The routers are deployed through a unique Deployment, since they are stateless proccesses, managing all the mongos instances.
Finally, two Services are created :
A headless Service, which is used for the internal functionning of the sharded cluster in Kubernetes. For example, to perform a write operation, the routers need to know how to access to a particular shard pod. (for more information on headless Services, see the Kubernetes documentation)
A “classical” Service, which is used by MongoDB clients to access a mongos instance.
References
For more information on how sharding works in MongoDB, check out their official sharding documentation
Backwards Compatibility
With ArmoniK Infrastructure (IMPORTANT)
Currently, the main concern on backwards incompatibility is about data persistency in MongoDB, as we haven’t focused on the possibility to pass down custom persistent volumes to the Helm release resource.
Which means that if your database contains data, if you want to upgrade the infrastructure version to deploy MongoDB (sharded or not doesn’t matter) with a Helm chart, one of these two situations will arise :
If you are using Persistent Volumes with a reclaim policy set to “Retain”, you will be able to keep your data but unable to automatically provide it to the new MongoDB pods freshly created by the Helm release.
Your data will be lost if you are using Persistent Volumes with a reclaim policy set to “Delete”, which is the default value with dynamic provisioning.
With ArmoniK
This refactoring would not be backward-compatible with previous versions of ArmoniK since we would prefer to not set default values for the Helm chart version.
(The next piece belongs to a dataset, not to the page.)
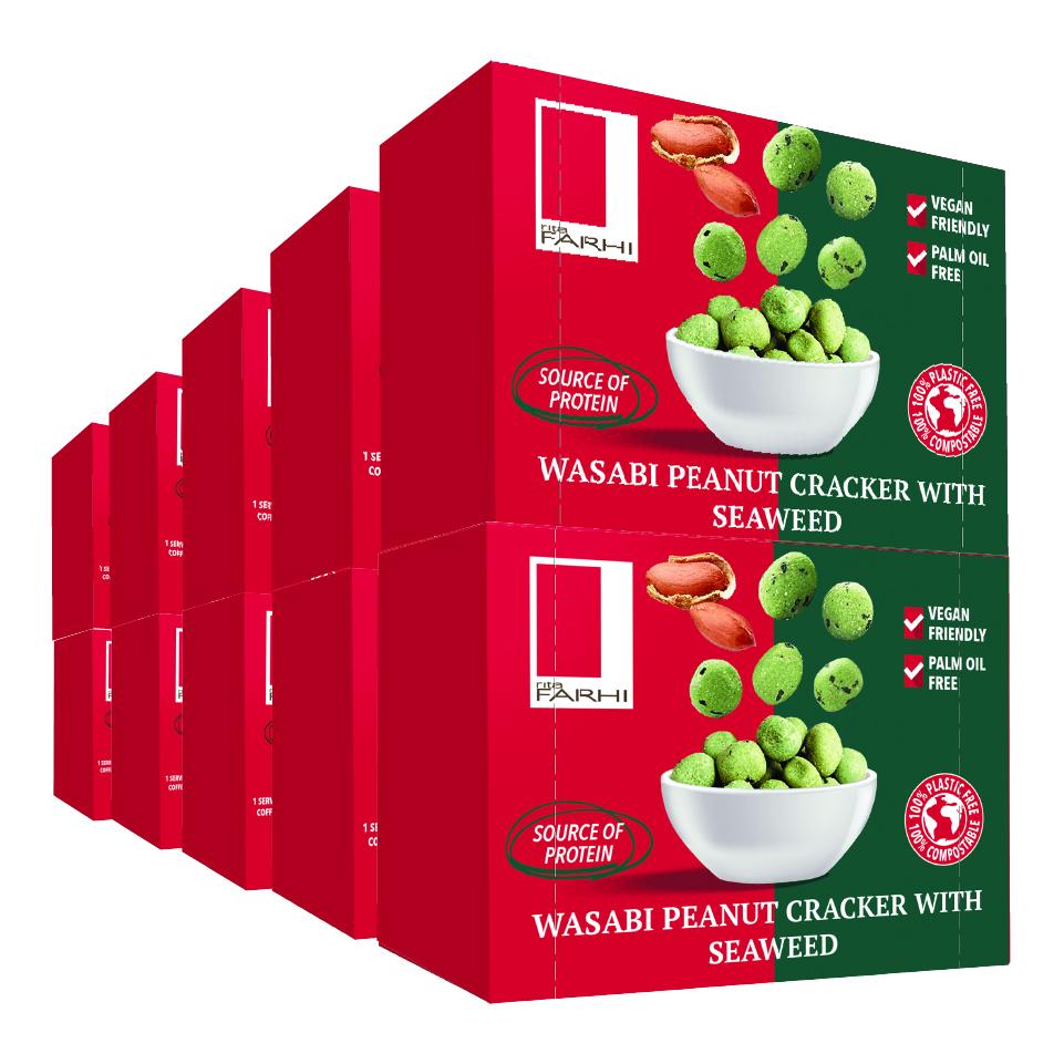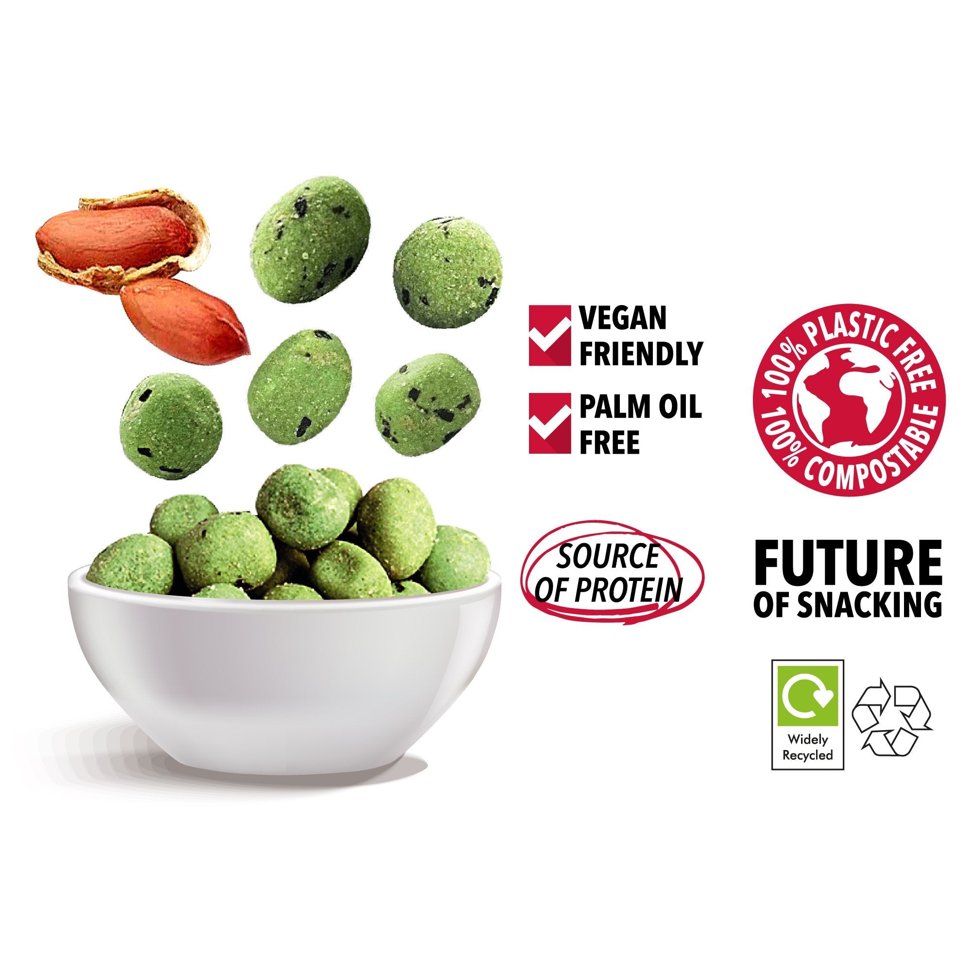 Crunchy peanuts encased in a crisp, spicy wasabi and seaweed cracker coating. Great for a protein packed treat or flavourful salad topper. Presented in our eco-friendly, handy, snack-box format for a delicious spicy nibble on the go.
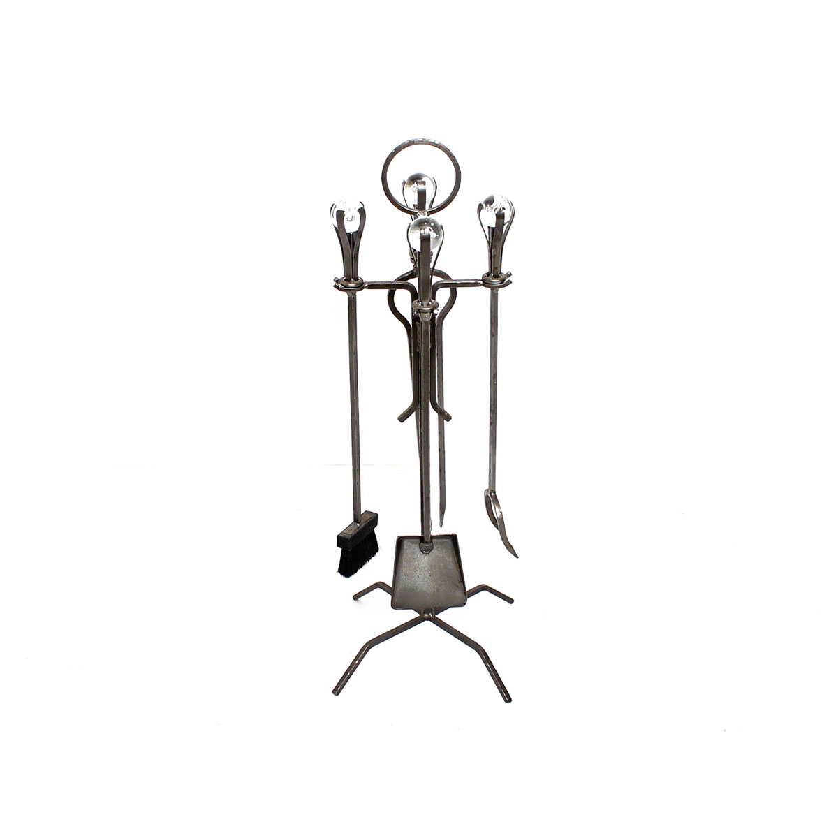 Sculptural & Elegant, This Andiron Set Is Accented w/ Eneryda Swedish Glass.

Which means that calls to this refactored MongoDB module must define the helm_chart_version parameter, which is not implemented in previous versions of ArmoniK.
With ArmoniK Core
This refactoring would be backward-compatible with previous versions of ArmoniK Core but would not be optimal in case of a sharded MongoDB instance, since these previous versions do not implement the database commands to enable sharding.
Security Implications
The unsharded Bitnami’s MongoDB Helm chart does not generate TLS certificate for clients. The sharded one does not seem to support TLS at all. Keep in mind that our deployment is still an example and could/should be different in a production environment to match with the security policies of each company.
Additionnaly, the sharded chart currently doesn’t provide a mechanism to create non-root users but workarounds are possible
Open Issues
Providing custom persistent volumes to the MongoDB Helm release deployed.
Full support of TLS for both charts.
Copyright/license
This document is placed in the public domain or under the CC0-1.0-Universal license, whichever is more permissive.